Manual recipe origin

The search started from hand-designed combinations over known tensor families and ik-llama quant types. Automation was used to build, schedule, score, and expand the sweep; the starting ideas were manual engineering hypotheses about which parts of the model should keep more precision.

The goal was not to make the smallest possible file. The goal was to keep the finetuned coding-agent habits while staying much closer to a practical Q4-size deployment than a full Q8 or BF16 artifact.

Terms used below

imatrix Calibration data used during quantization so the quantizer can decide what numerical error matters most.
Reasoning/coding imatrix The known-good calibration path used by the first public SignalLatch Q4NL-style upload.
Habit/process imatrix A later calibration attempt aimed at the fine-tuned behavior loop. It did not become the default because early production checks were not clearly stronger.
Candidate ID Internal build names such as c718 or c154. The public files rename those candidates as Lite and Plus.

Count accounting

The numbers on this page separate screening runs from production-style real-world runs. The hard-suite count used for the public decision is the stable promotion summary: 163 candidate runs multiplied by 12 core prompt tasks, for 1,956 prompt-level scored results. Later workspace aggregates contain additional replay/recursive artifacts; those were useful for investigation, but they were not treated as independent public release votes.

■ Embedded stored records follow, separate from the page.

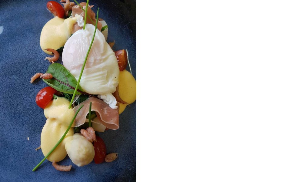 Verdeel over de borden: asperges, mousseline, spinazie, sneetjes ibericoham, gepocheerd ei, garnalen, kwartjes trostomaatjes, citroenolijfolie, peper en zout, bieslook.
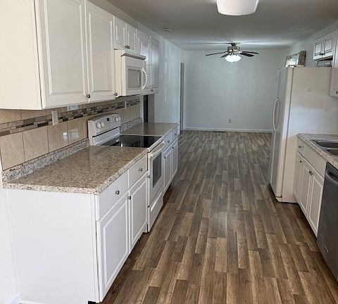 Adorable 2BD/2BA home on 1.40 ACRE lot. Home was professionally remodeled in 2020 with new flooring, new metal roof, tile floor in the laundry room and tile bathrooms. All appliances stay, electric range (self-cleaning), refrigerator/freezer, washer and dryer, microwave- built in- and dishwasher. Large barn 24x31 with 3 door capacity on the front and one regular door on the side. The pump for the well is also in the barn. Covered front porch and a deck on the side of the dinning area and kitchen. Backyard is chain link fenced with beautifully landscaped yard. Move in ready!
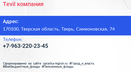 Tevil, компания по адресу 170100, Тверская область, Тверь, Симеоновская, 74 в дальнейшем Организация, размещена в следующих категориях:
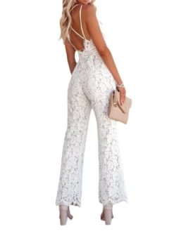 Women Fashion Elegant Lace Jumpsuits Spaghetti Strap V Neck Wide Leg Romper Ladies Summer Sexy Casual Retro Streetwear
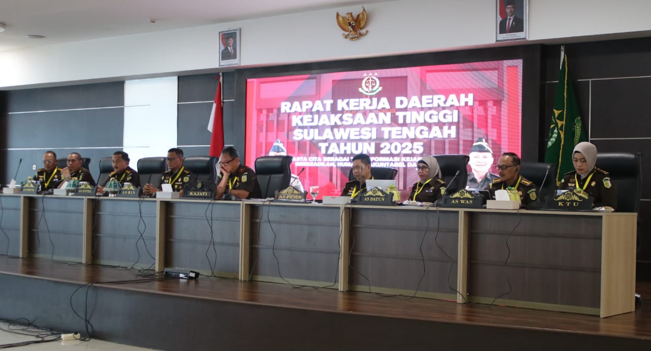 Bidiksulteng.com,Palu – Kejaksaan Tinggi Sulawesi Tengah resmi menggelar Rapat Kerja Daerah (Rakerda) Tahun 2025 sebagai forum strategis untuk melakukan evaluasi menyeluruh atas penyelenggaraan kinerja satuan kerja sepanjang tahun serta merumuskan langkah-langkah perbaikan ke depan.
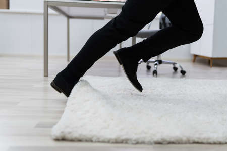 Low Section Of Man Legs Stumbling With A Carpet At Home
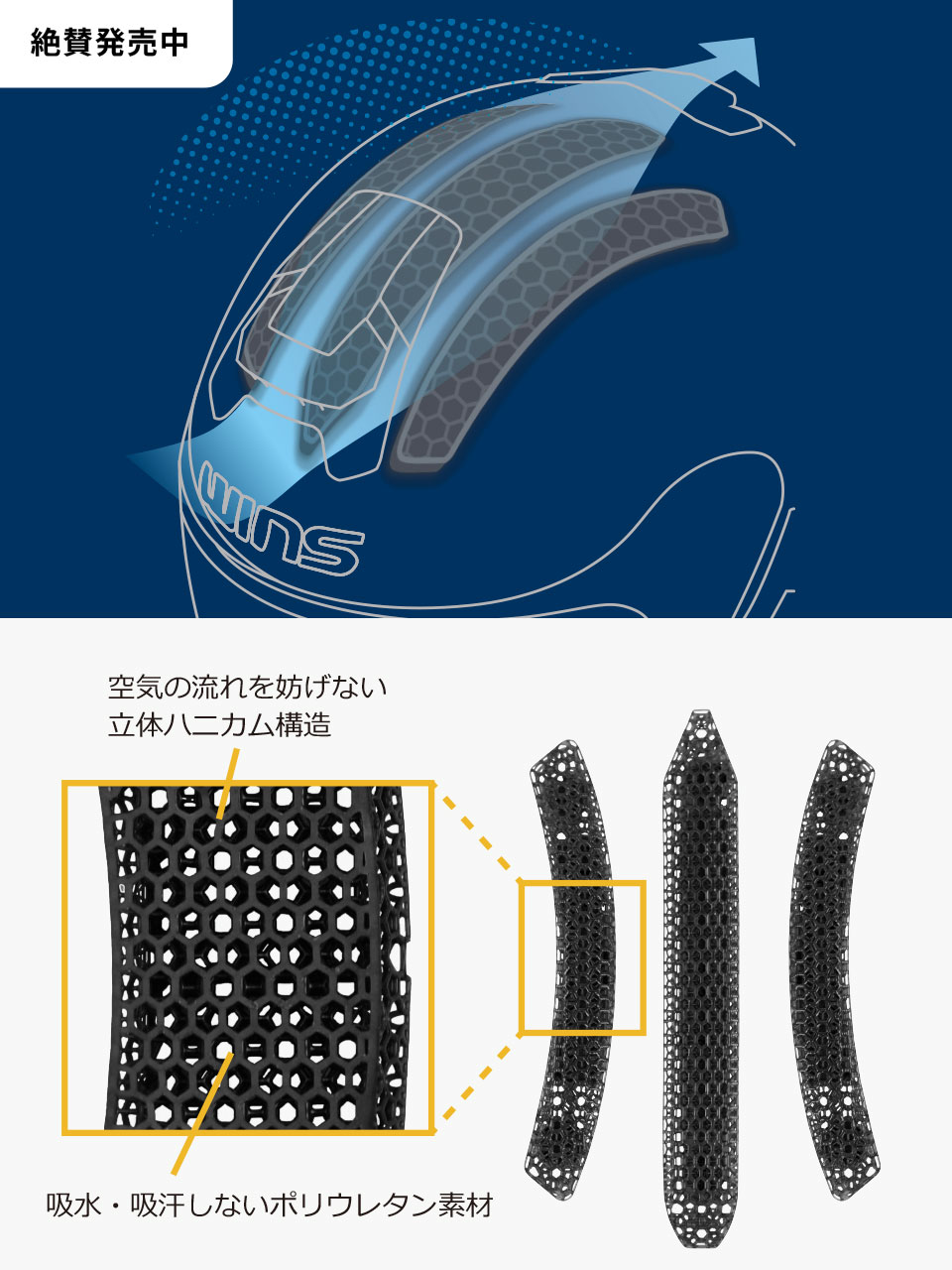 3D Air tech(3Dエアー・テック)は特殊な3Dプリンタで製造したハニカム構造の内装パッドです。 衝撃吸収ライナーに取り付けることでヘルメット内の頭上を空気が通り抜け、走行中頭頂部が蒸にくくなるので夏場の暑い時期は特に快適です。

The real-world phase used 32 ClawCode harness runs across three project tasks. Those runs produced 564 verifier component checks: 11 KritaLite runs times 15 components, 8 SyncBoard runs times 19 components, and 13 legacy-codebase migration runs times 19 components.

The behavior target

The fine-tune was aimed at a natural coding-agent workflow: a user gives an implementation direction, not a complete patch. The model should inspect the repository, infer the architecture, choose a narrow production slice, edit carefully, run verification, and revise from failures.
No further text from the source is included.